**TASK INSTRUCTIONS**
From the line with "السحب الذي يقدم" down to the final line of the material, please transcribe everything exactly, but leave the pictures out.

### RECORD EXTRACTS

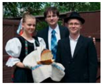
Podpora umenia napomáha upevňovaniu kultúrnej identity.

Sú to predovšetkým rôzne umelecké súbory, najmä folklórne súbory, miestne organizácie Slovenského rybárskeho zväzu, organizácie venujúce sa bezdomovcom, športové kluby a organizácie venujúce sa charitatívnym projektom alebo projektom udržania historického a kultúrneho dedičstva (napr. systém vojenských bunkrov v Petržalke), ktoré si zaslúžia podporu. V neposlednom rade je to cirkev a mnohé reholné spoločnosti, ktoré sú jej súčasťou a ktoré svojimi aktivitami neraz nahrádzajú štát, mesto, či obec. Každoročne sa len v Petržalke rozdelí v podobe dotácií viac ako 100 000 eur z rozpočtu obce na podporu takýchto projektov a oveľa vyššia suma na úrovni mesta, žiaľ chýba väčšia adresnosť, hodnotenie efektívnosti využitia pridelených dotácií a väčšia informovanosť obyvateľov Bratislavy.
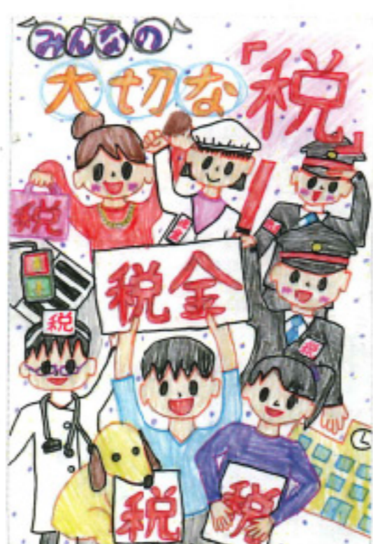
福井新聞社長賞 奥島 亜実
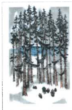
8. LES FUVES
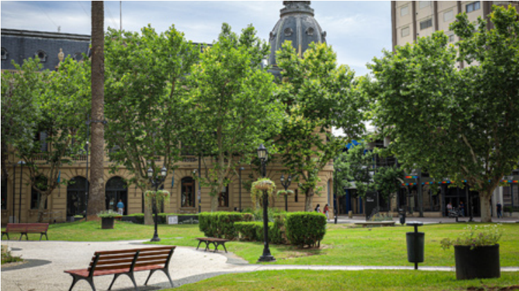
En la primera etapa se trabajará sobre temáticas vinculadas al desarrollo social, poniendo el foco en áreas como el deporte, la accesibilidad y la educación. (LA OPINION)

El proyecto surge del trabajo conjunto de la coordinación de Gobierno Abierto y del equipo de Datos Abiertos del Municipio, que desde hace meses desarrollan un sistema orientado para transformar la manera en que los vecinos se involucran en los asuntos públicos.
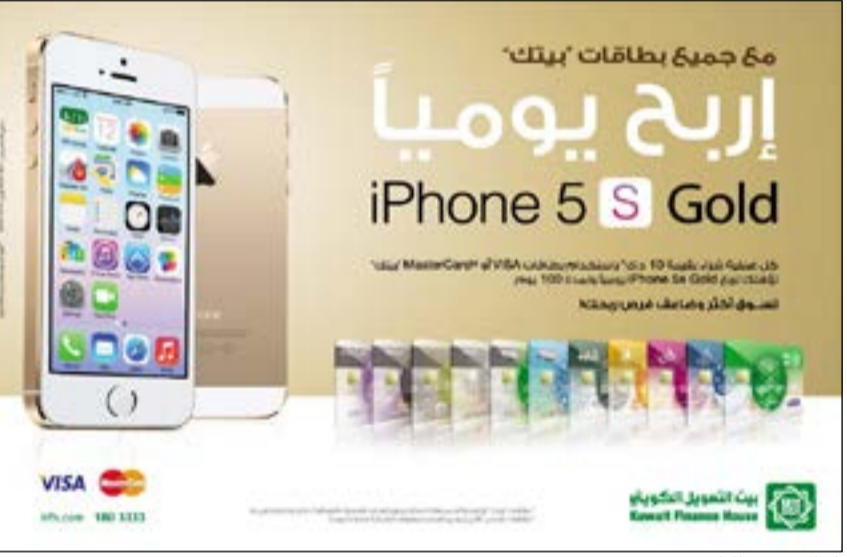
الجائزة مع بطاقات بيتك

السحب الذي يقدم فرصة ربح جائزة يومية قيمة عبارة عن جهاز «آيفون S5» مقابل كل 10 دقائق للشراء فقط داخل وخارج الكويت، وكذلك من خلال استخدام بطاقات الصرف الآلي خارج الكويت، والدخول في السحب، وكلما تضاعف مبلغ الإنفاق زادت فرص التاهل لدخول السحب الإلكتروني الذي يجري أسبوعيا.
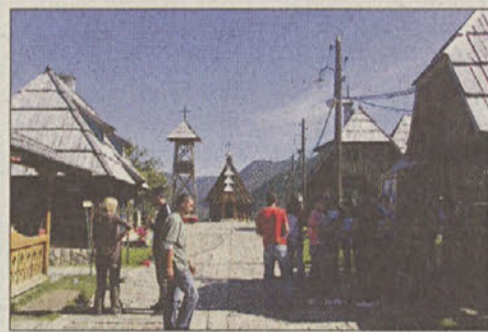
Etno vas Emira Kusturice

######

**SOLUTION FOR THIS PROBLEM**
السحب الذي يقدم فرصة ربح جائزة يومية قيمة عبارة عن جهاز «آيفون S5» مقابل كل 10 دقائق للشراء فقط داخل وخارج الكويت، وكذلك من خلال استخدام بطاقات الصرف الآلي خارج الكويت، والدخول في السحب، وكلما تضاعف مبلغ الإنفاق زادت فرص التاهل لدخول السحب الإلكتروني الذي يجري أسبوعيا.
Etno vas Emira Kusturice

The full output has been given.